* **Dataset entries**
..........

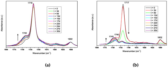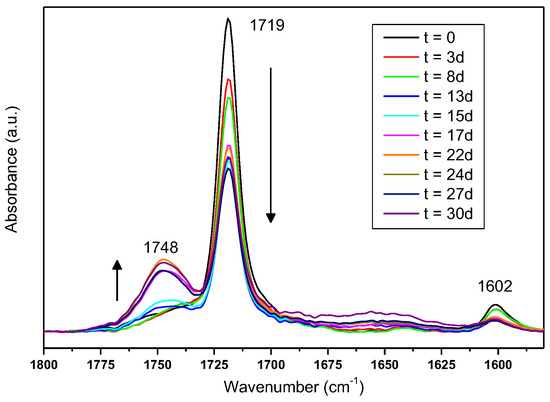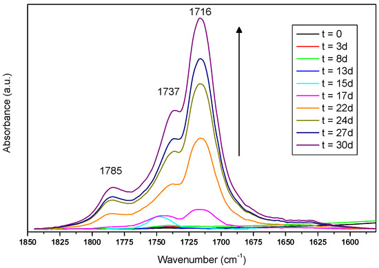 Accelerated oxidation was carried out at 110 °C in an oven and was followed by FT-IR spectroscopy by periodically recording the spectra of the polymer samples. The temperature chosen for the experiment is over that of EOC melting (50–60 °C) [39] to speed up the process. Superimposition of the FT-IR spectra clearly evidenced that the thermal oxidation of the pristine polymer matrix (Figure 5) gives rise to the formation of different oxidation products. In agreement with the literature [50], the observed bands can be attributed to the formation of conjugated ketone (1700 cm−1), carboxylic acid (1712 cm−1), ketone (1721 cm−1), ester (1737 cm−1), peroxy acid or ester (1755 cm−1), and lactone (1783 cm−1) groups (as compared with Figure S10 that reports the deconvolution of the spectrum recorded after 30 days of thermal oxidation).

..........

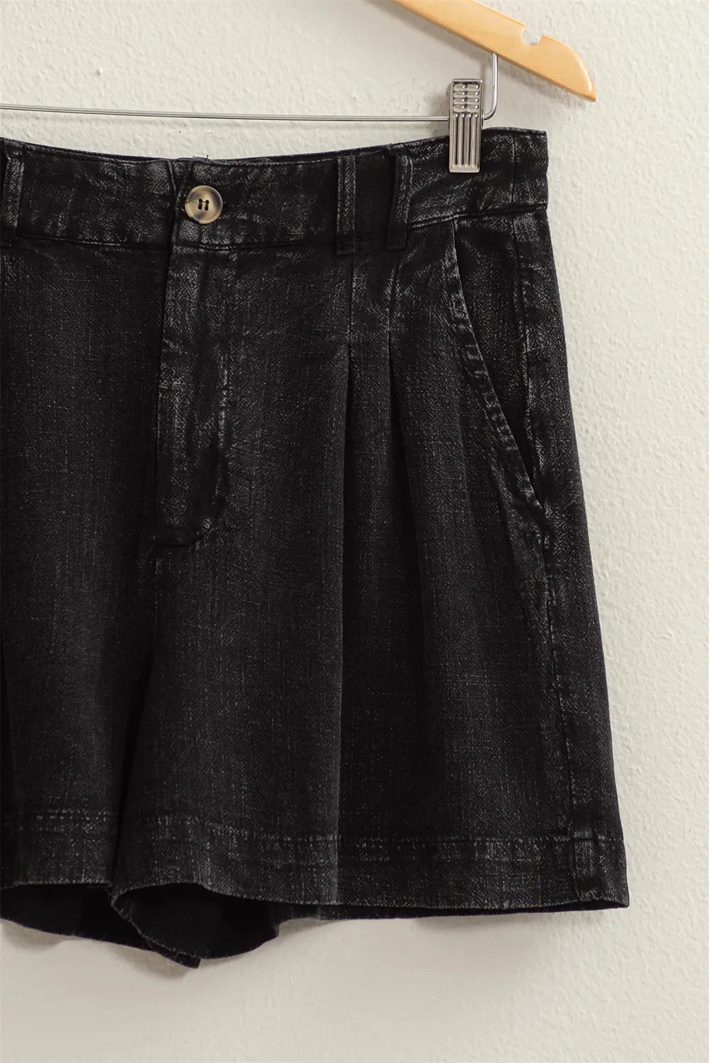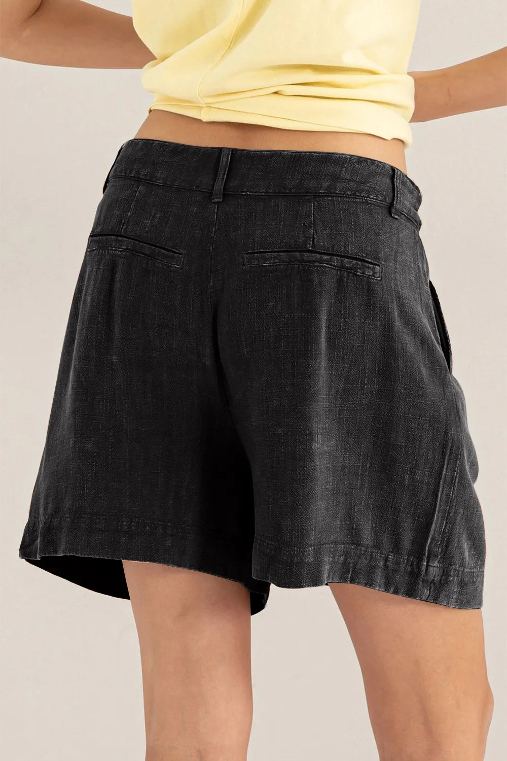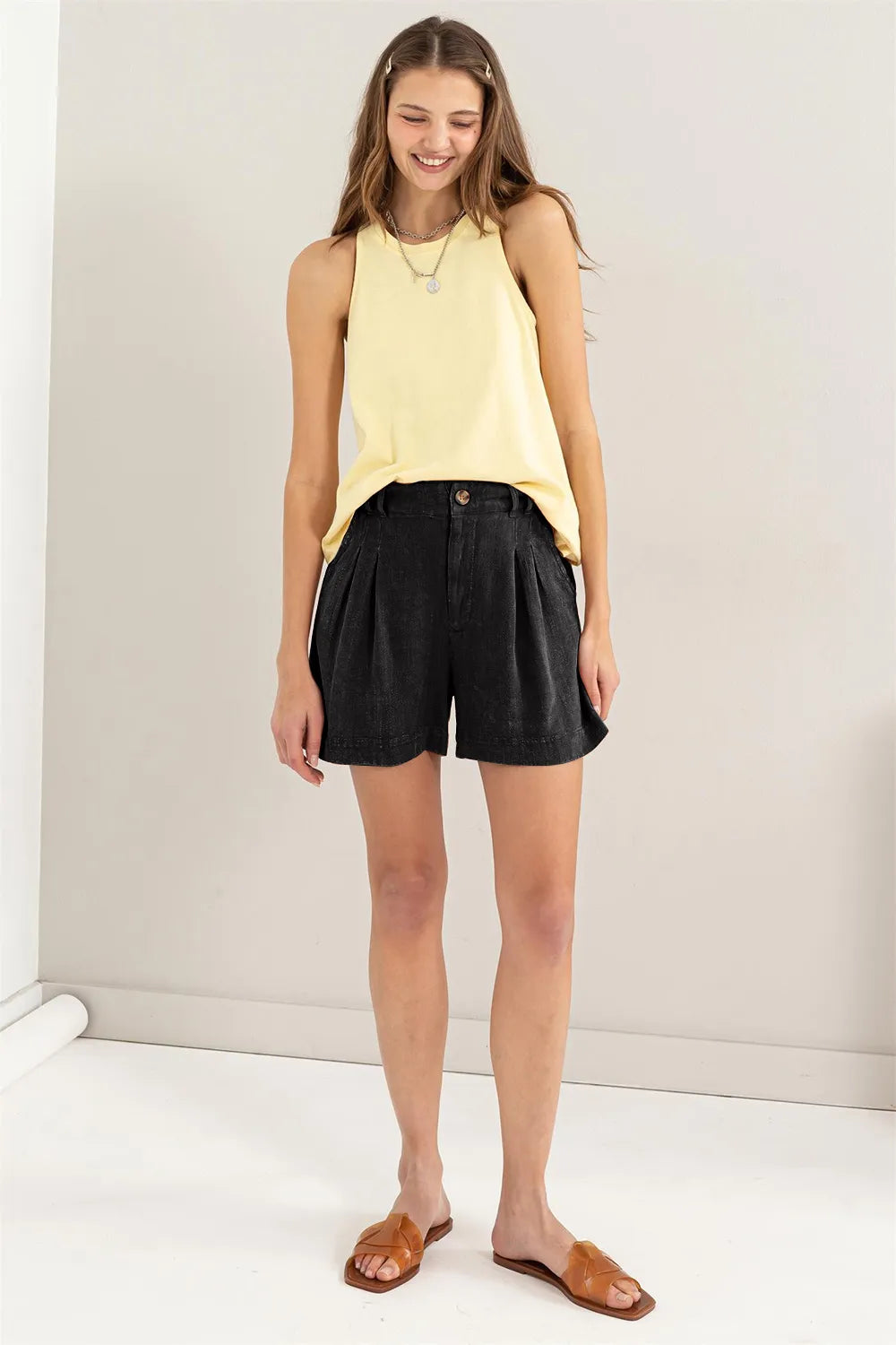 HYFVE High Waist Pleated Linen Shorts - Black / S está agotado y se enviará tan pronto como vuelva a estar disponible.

..........

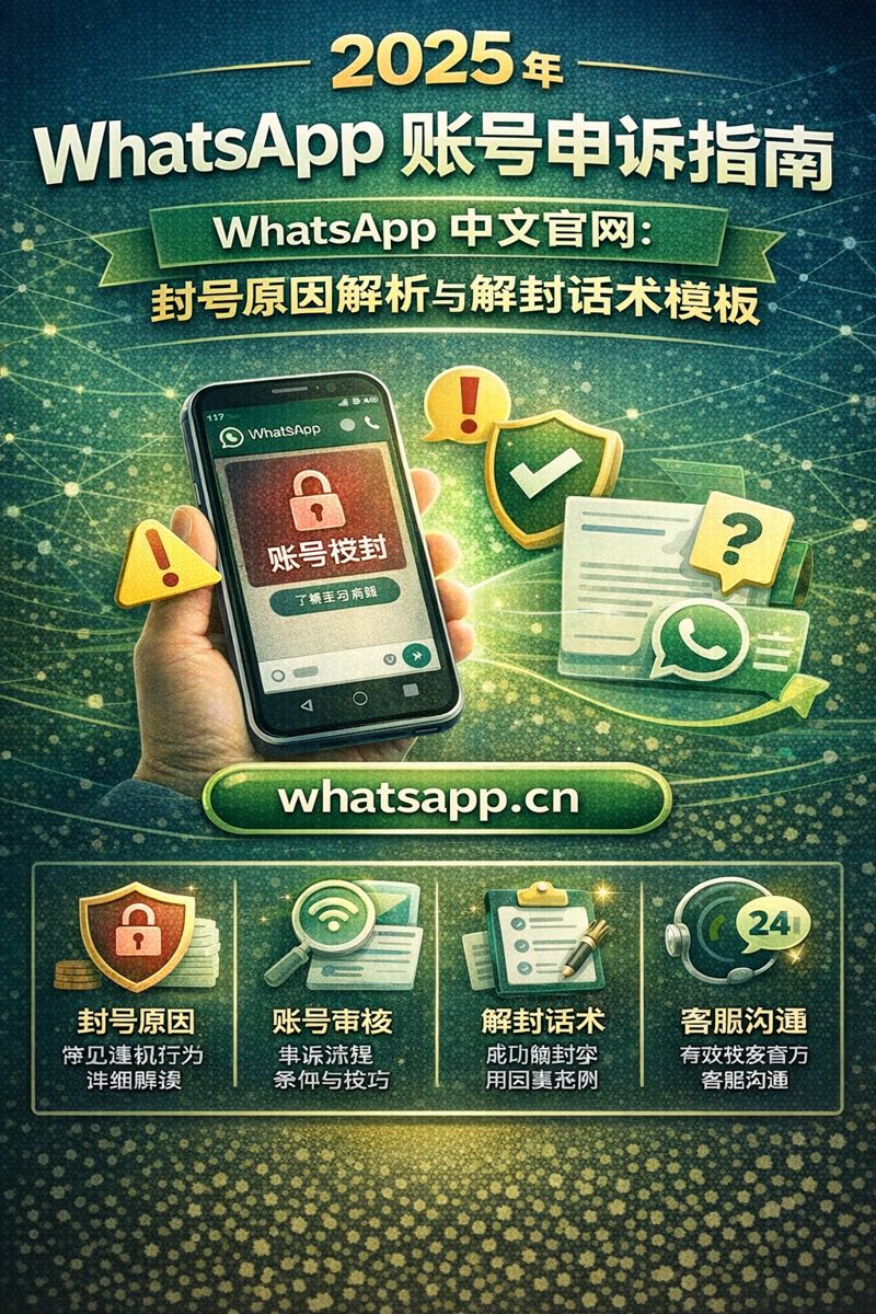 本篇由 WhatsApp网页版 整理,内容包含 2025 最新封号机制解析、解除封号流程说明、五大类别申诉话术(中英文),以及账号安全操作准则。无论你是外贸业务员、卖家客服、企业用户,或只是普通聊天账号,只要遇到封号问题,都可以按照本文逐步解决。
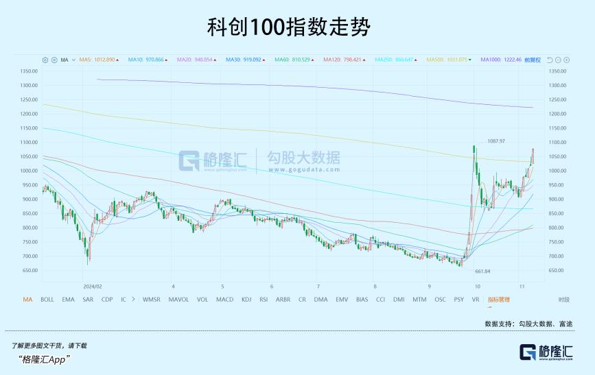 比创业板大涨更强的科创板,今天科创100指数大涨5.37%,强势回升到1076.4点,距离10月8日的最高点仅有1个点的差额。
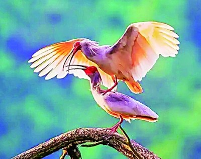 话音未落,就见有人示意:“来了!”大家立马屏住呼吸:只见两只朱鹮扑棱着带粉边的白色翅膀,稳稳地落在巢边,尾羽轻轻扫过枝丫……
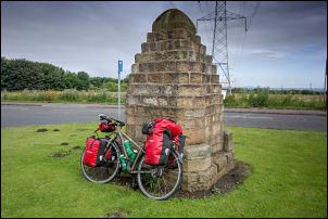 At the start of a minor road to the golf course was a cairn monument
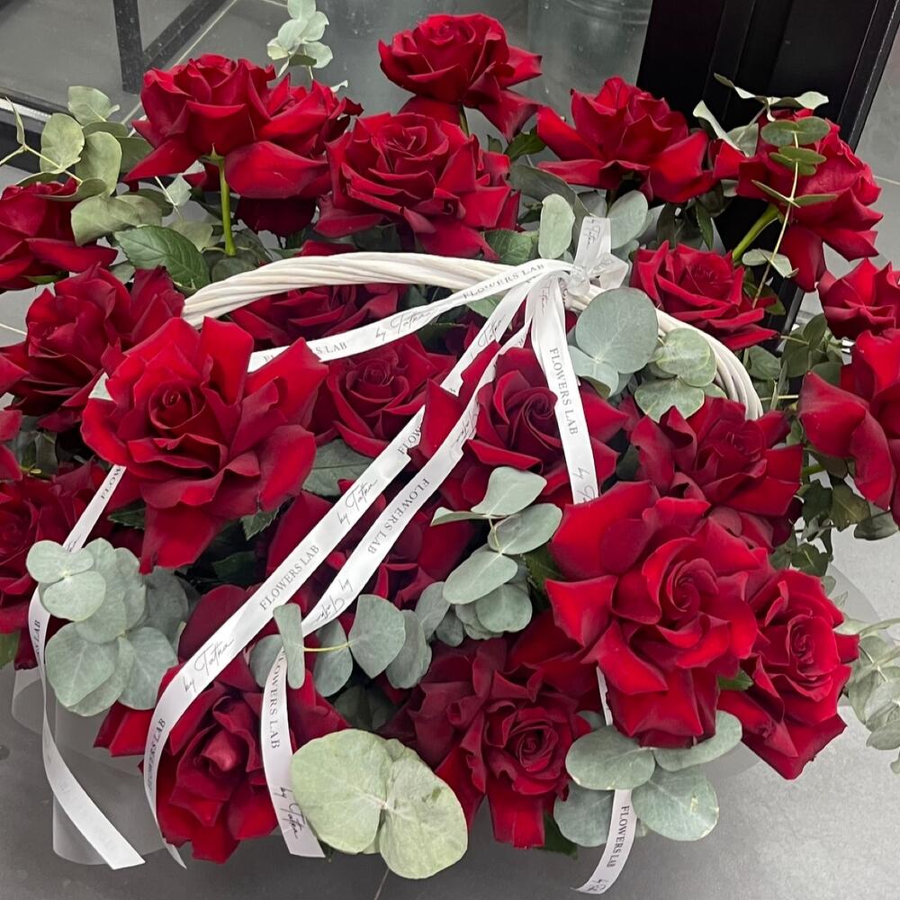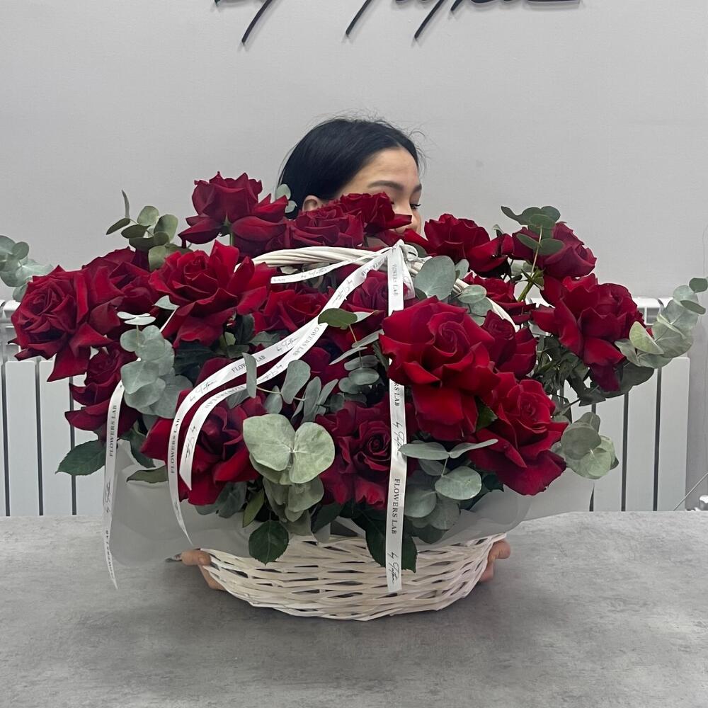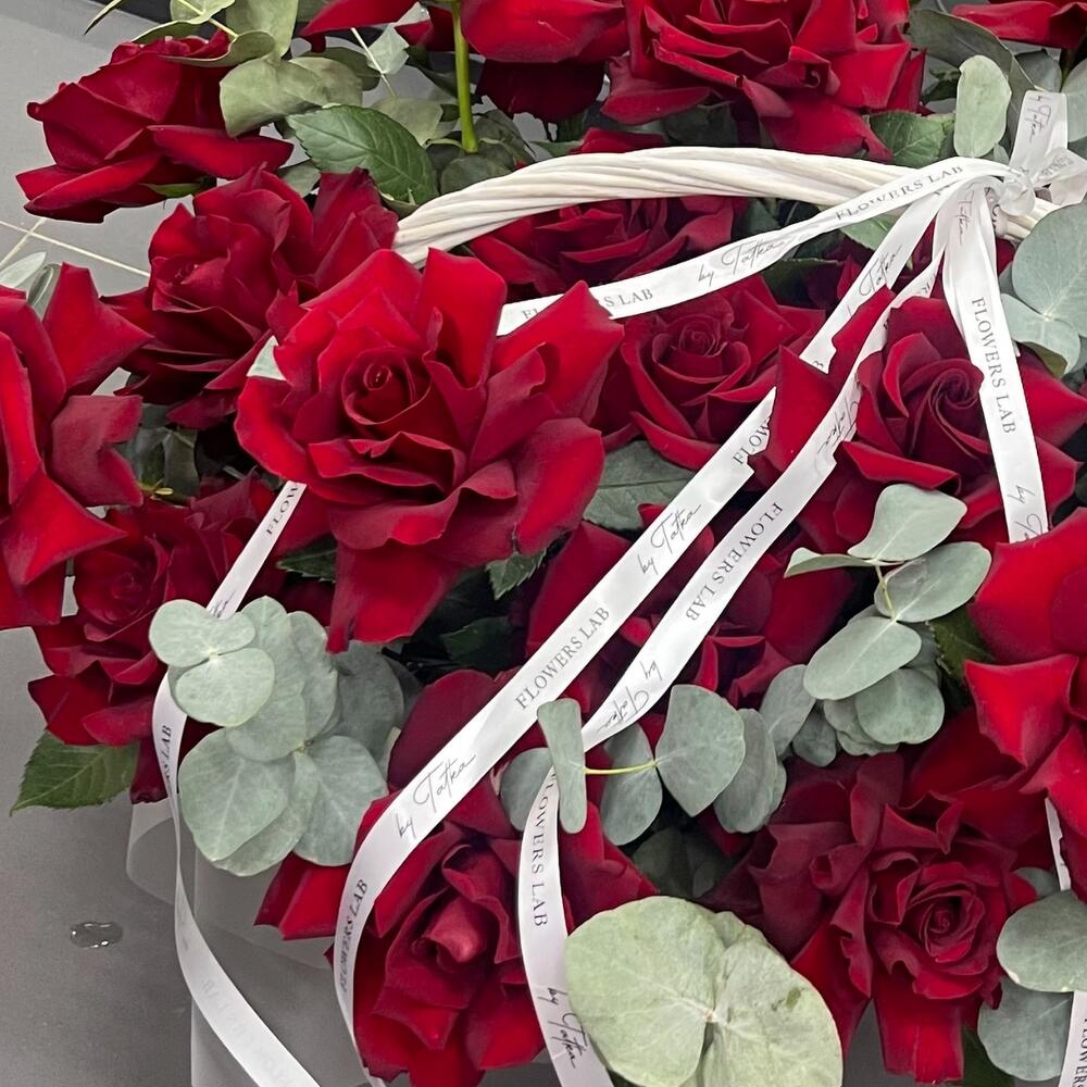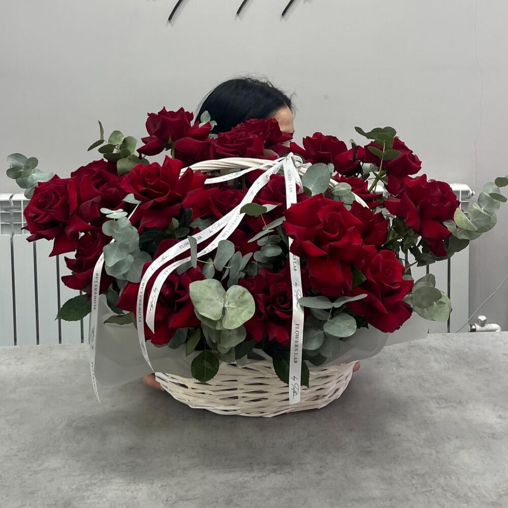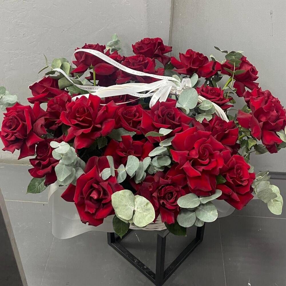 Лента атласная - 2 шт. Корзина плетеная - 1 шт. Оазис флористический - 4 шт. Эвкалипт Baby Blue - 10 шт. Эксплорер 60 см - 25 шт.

..........

* **Prompt**
Starting with the line above that holds "本篇由 WhatsApp网页版 整理,内容包含", restate each line word for word up to and including the line that holds "Лента атласная - 2". Drop the pictures.

* **Response**
 本篇由 WhatsApp网页版 整理,内容包含 2025 最新封号机制解析、解除封号流程说明、五大类别申诉话术(中英文),以及账号安全操作准则。无论你是外贸业务员、卖家客服、企业用户,或只是普通聊天账号,只要遇到封号问题,都可以按照本文逐步解决。
 比创业板大涨更强的科创板,今天科创100指数大涨5.37%,强势回升到1076.4点,距离10月8日的最高点仅有1个点的差额。
 话音未落,就见有人示意:“来了!”大家立马屏住呼吸:只见两只朱鹮扑棱着带粉边的白色翅膀,稳稳地落在巢边,尾羽轻轻扫过枝丫……
 At the start of a minor road to the golf course was a cairn monument
 Лента атласная - 2 шт. Корзина плетеная - 1 шт. Оазис флористический - 4 шт. Эвкалипт Baby Blue - 10 шт. Эксплорер 60 см - 25 шт.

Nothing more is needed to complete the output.